We have now tracked how this matter started and its current status. As I explained at our ethics seminar yesterday afternoon, the class action lawsuit may have strong merit unless an appeal in the Florida Third District Court of Appeal overturns an administrative ruling in favor of a policyholder and against the public adjuster. The attorneys advertising for other policyholders may soon have competitors because unless the Department of Financial Services (“DFS”) ruling is found incorrect, many public adjusting firms were charging similar fees which the DFS has ruled as being illegal and other class action attorneys may jump into the fray.

The four source documents relevant to this analysis are:

  1. The DFS notice of an Order disposing of Clyde Lightbourn’s petition on January 23, 2009.
  2. The Initial Brief of Ameriloss Public Adjusting filed May 18, 2009.
  3. Lightbourn v. Ameriloss Class Action filed May 15, 2009.
  4. DFS Answer Brief filed August 10, 2009.

The significant legal matters started with a petition to the DFS filed by Lightbourn which stated:

A Petition for Declaratory Statement to the Florida Department of Financial Services was filed by Mr. Lightbourn on August 20, 2008 (R. 15-16), stating the following:

STATEMENT OF FACTS

Petitioner is the owner of the property which was damaged on or about August 25, 2005 by hurricane Katrina. That hurricane prompted the Governor of the State of Florida to declare the existence of a state of emergency in the State of Florida.

Responding to numerous public adjuster consumer complaints, in September 2006, the Division of Agent and Agency Services of Florida’s Department of Financial Services (the "Department") made several changes to the Florida Administrative Code with regard to ethical requirements for public adjusters. The new rules were designed to regulate the behavior of public adjusters following a disaster-created state of emergency, and to address concerns that some public adjusters might exploit disaster victims by charging excessive fees or by purposefully delaying claims in order to outwit a state-imposed cap on fees.

After having received what Petitioner believed to be an inadequate settlement payment from his homeowner’s insurance company, on January 4, 2007 Petitioner entered into an agreement with the public adjusting firm of AmeriLoss Public Adjusting, Corp. ("AmeriLoss"), a copy of which is attached as Exhibit 1 (the "Agreement"). The Agreement provides for AmeriLoss to receive a fee of 33 1/3 % of any supplemental claim.

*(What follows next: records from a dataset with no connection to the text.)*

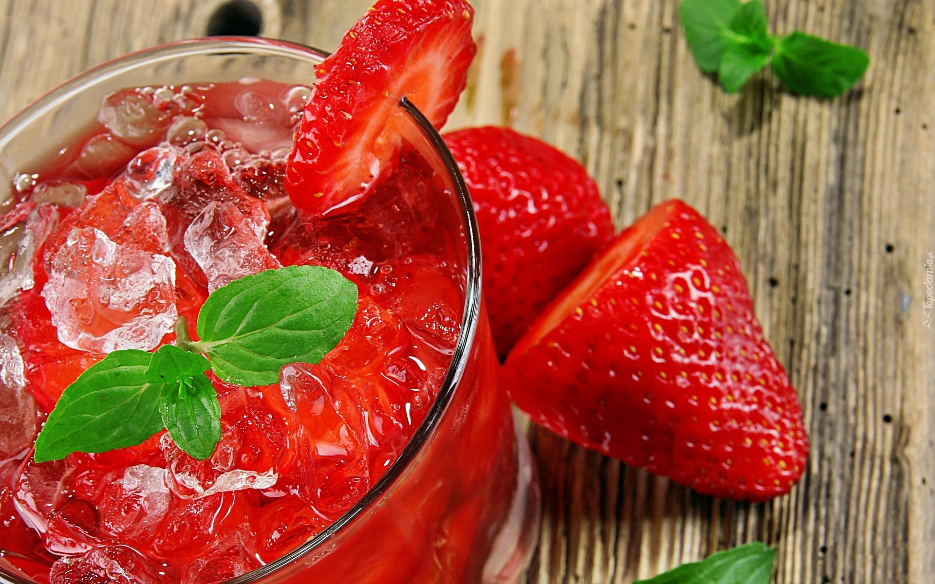 Edytor tapety: Koktajl, Truskawkowy, Listki, Mięty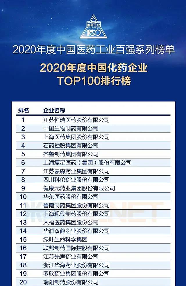 7月21日,在米内网2021年米思会现场,2020年度中国医药工业百强系列榜单正式发布。百强系列榜单分为“中国化药企业TOP100排行榜”“中国中药企业TOP100排行榜”等5大子榜,8868体育集团位列中国化药企业TOP100排行榜第13位。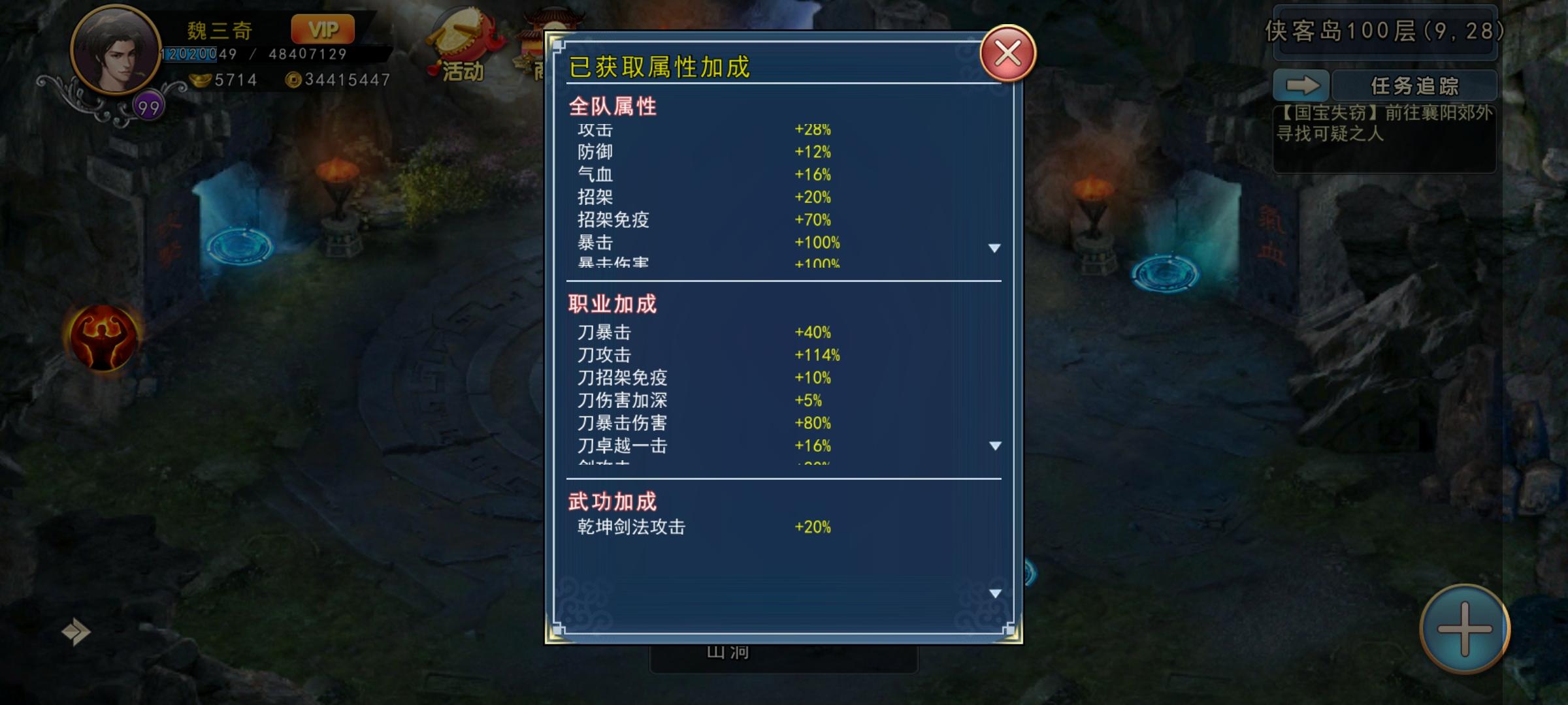 全靠属性好,首次过侠客岛100层。纪念一下

Rule 69B-220.201(5) (b) of the Florida Administrative Code provides, in pertinent part, that no public adjuster shall charge any fee equal to more than ten percent of the amount of any insurance claim payment. Rule 69B-220.201 (5) (d) of the Florida Administrative Code provides that "[t]his subsection applies to all claims that arise out of the events that created the State of Emergency, whether or not the adjusting contract was entered into while the State of Emergency was in effect and whether or not a claim is settled while the State of Emergency is in effect." Both rule subsections seem unambiguous, and were in effect at the time of the execution of the Agreement.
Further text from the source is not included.